Open amaltaro opened 2 months ago
Jenkins results:
Jenkins results:
Jenkins results:
Jenkins results:
I finally managed to do memory measurements with the code currently provided in this PR. It compares the current RucioConMon implementation in the WMCore stack in 2 scenarios: 1) fetching compressed data from RucioConMon (format=raw, generating line by line) 2) fetching uncompressed data from RucioConMon (format=json, loading the whole data in memory)
I ran these tests in vocms0259, such that I could measure memory usage in the node with the grafana host monitor. See screenshot below:
Some observations are:
As I was running memory_profiler
as well, here is a breakdown of the format=raw
vs `format=json
, where we can see that the application memory barely changes in the raw/compressed implementation; but has GBs of memory footprint in the json one (no generator).
format=raw (also faster!)
(WMAgent-2.3.4.3) [xxx@xxx:install]$ python testRucioConMonMem.py
2024-09-06 19:49:28,773:INFO:testRucioConMonMem: Fetching unmerged dump for RSE: T1_US_FNAL_Disk with compressed data: True
2024-09-06 19:49:28,788:INFO:testRucioConMonMem: Fetching data from Rucio ConMon for RSE: T1_US_FNAL_Disk.
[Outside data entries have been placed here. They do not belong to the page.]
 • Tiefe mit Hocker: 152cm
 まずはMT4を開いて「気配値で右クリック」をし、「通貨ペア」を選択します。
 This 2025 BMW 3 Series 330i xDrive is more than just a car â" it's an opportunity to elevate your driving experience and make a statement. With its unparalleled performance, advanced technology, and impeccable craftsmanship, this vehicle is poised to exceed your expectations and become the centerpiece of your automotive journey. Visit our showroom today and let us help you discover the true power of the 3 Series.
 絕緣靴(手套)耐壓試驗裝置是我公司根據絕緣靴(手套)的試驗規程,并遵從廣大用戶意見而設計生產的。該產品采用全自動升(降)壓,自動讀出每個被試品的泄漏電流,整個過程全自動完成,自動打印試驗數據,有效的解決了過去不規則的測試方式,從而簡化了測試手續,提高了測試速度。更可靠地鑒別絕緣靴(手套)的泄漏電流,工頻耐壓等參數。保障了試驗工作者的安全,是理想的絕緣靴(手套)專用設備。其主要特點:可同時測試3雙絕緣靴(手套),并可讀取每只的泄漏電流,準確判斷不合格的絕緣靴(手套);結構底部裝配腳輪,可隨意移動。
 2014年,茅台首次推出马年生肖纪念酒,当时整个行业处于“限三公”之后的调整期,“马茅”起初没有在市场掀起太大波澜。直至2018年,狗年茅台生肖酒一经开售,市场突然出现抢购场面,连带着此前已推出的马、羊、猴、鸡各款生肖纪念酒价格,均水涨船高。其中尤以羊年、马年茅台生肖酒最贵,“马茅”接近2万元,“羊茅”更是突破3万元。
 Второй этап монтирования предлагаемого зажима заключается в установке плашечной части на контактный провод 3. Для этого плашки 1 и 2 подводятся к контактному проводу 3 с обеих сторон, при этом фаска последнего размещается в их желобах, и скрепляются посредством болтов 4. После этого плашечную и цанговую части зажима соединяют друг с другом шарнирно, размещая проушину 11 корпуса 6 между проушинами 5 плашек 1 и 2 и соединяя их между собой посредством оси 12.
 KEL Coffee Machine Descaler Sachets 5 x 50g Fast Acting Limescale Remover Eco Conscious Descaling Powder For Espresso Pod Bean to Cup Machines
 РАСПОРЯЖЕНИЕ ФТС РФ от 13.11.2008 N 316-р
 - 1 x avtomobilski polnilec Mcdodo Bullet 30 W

2024-09-06 19:49:28,802:INFO:RucioConMon: Size of rseUnmerged object: 11888
2024-09-06 20:48:44,553:INFO:testRucioConMonMem: Total files received: 10877227, unique dirs: 12885
Filename: testRucioConMonMem.py
Line # Mem usage Increment Occurrences Line Contents
=============================================================
27 36.0 MiB 36.0 MiB 1 @profile
28 def getUnmergedFiles(rucioConMon, logger, compressed=False):
29 36.0 MiB 0.0 MiB 1 dirs = set()
30 36.0 MiB 0.0 MiB 1 counter = 0
31 36.0 MiB 0.0 MiB 1 logger.info("Fetching data from Rucio ConMon for RSE: %s.", RSE_NAME)
32 68.6 MiB 30.6 MiB 10877228 for lfn in rucioConMon.getRSEUnmerged(RSE_NAME, zipped=compressed):
33 68.6 MiB 2.0 MiB 10877227 dirPath = _cutPath(lfn)
34 68.6 MiB 0.0 MiB 10877227 dirs.add(dirPath)
35 #logger.info(f"Size of dirs object: {asizeof.asizeof(dirs)}")
36 68.6 MiB 0.0 MiB 10877227 counter += 1
37 68.6 MiB 0.0 MiB 1 logger.info(f"Total files received: {counter}, unique dirs: {len(dirs)}")
38 68.6 MiB 0.0 MiB 1 return dirs
2024-09-06 20:48:44,555:INFO:testRucioConMonMem: Done!
format=json:
(WMAgent-2.3.4.3) [xxx@xxx:install]$ python testRucioConMonMem.py
2024-09-06 21:12:16,810:INFO:testRucioConMonMem: Fetching unmerged dump for RSE: T1_US_FNAL_Disk with compressed data: False
2024-09-06 21:12:16,825:INFO:testRucioConMonMem: Fetching data from Rucio ConMon for RSE: T1_US_FNAL_Disk.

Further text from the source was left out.